I still haven't experienced a local model that fits on my 64GB MacBook Pro and can run a coding agent like Codex CLI or Claude code well enough to be useful.
Maybe this will be the one? This Unsloth guide from a sibling comment suggests it might be: https://unsloth.ai/docs/models/qwen3-coder-next
I've had mild success with GPT-OSS-120b (MXFP4, ends up taking ~66GB of VRAM for me with llama.cpp) and Codex.

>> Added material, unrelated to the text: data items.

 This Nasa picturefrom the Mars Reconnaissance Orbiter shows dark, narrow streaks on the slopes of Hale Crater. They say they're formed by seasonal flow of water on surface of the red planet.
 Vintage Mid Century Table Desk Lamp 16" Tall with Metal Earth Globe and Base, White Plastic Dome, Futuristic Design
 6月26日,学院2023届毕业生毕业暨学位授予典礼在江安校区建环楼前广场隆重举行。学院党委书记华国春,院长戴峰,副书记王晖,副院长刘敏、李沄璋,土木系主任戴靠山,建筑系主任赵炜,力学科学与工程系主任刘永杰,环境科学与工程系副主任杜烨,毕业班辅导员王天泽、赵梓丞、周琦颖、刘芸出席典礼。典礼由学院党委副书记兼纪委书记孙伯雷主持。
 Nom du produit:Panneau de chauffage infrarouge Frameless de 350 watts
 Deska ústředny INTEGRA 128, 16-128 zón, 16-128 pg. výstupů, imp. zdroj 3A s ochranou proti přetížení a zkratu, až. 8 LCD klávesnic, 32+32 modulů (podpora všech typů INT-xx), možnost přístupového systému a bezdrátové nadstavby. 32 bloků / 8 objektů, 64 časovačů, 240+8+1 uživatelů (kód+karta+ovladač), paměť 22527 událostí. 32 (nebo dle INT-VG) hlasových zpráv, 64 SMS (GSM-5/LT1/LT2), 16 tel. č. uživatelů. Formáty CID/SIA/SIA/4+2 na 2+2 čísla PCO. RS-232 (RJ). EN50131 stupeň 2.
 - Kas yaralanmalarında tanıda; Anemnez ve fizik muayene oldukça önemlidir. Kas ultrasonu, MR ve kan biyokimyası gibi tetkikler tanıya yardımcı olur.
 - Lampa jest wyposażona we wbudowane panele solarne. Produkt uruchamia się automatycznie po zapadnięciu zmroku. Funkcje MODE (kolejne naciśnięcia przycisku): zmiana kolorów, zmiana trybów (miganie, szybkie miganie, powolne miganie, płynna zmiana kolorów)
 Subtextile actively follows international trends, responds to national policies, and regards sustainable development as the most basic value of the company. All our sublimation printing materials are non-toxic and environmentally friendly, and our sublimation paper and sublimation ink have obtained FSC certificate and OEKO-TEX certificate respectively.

I'm wondering if maybe one could crowdsource chat logs for GPT-OSS-120b running with Codex, then seed another post-training run to fine-tune the 20b variant with the good runs from 120b, if that'd make a big difference. Both models with the reasoning_effort set to high are actually quite good compared to other downloadable models, although the 120b is just about out of reach for 64GB so getting the 20b better for specific use cases seems like it'd be useful.

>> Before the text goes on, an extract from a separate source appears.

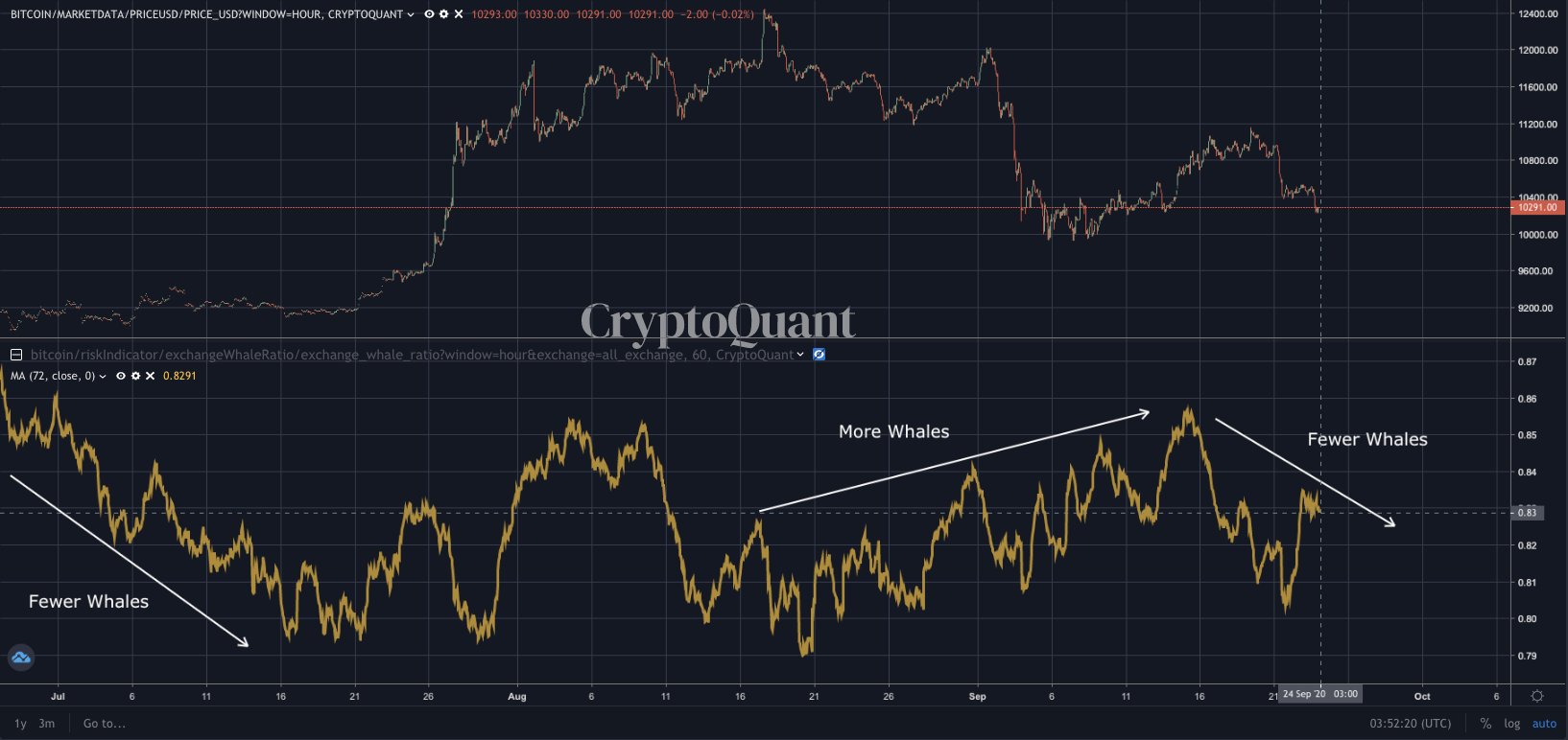Mr. Ju predicted the said correlation before the Bitcoin’s drop below $10,300 this Wednesday. On September 21, he envisioned a short-term price correction for the cryptocurrency based on a jump in whale activity. The BTC/USD corrected later, crashing by as much as 7.81 percent from its local top near $10,990.

I wonder if it has to do with the message format, since it should be able to do tool use afaict.
GPT-oss-120B was also completely failing for me, until someone on reddit pointed out that you need to pass back in the reasoning tokens when generating a response. One way to do this is described here:
https://openrouter.ai/docs/guides/best-practices/reasoning-t...

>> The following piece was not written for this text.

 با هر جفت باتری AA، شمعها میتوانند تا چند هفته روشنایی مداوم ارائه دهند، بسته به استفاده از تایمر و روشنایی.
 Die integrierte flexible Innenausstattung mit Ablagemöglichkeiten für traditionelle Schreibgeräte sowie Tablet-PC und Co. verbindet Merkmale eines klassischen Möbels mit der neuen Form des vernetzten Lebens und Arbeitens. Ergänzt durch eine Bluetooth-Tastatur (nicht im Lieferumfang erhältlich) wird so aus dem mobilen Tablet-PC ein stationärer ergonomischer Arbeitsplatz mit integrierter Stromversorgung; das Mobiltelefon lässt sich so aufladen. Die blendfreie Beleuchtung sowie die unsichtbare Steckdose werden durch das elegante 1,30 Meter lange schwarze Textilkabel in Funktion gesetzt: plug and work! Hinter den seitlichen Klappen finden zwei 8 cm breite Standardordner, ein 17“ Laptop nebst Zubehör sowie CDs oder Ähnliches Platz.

Once I did that it started functioning extremely well, and it's the main model I use for my homemade agents.
Many LLM libraries/services/frontends don't pass these reasoning tokens back to the model correctly, which is why people complain about this model so much. It also highlights the importance of rolling these things yourself and understanding what's going on under the hood, because there's so many broken implementations floating around.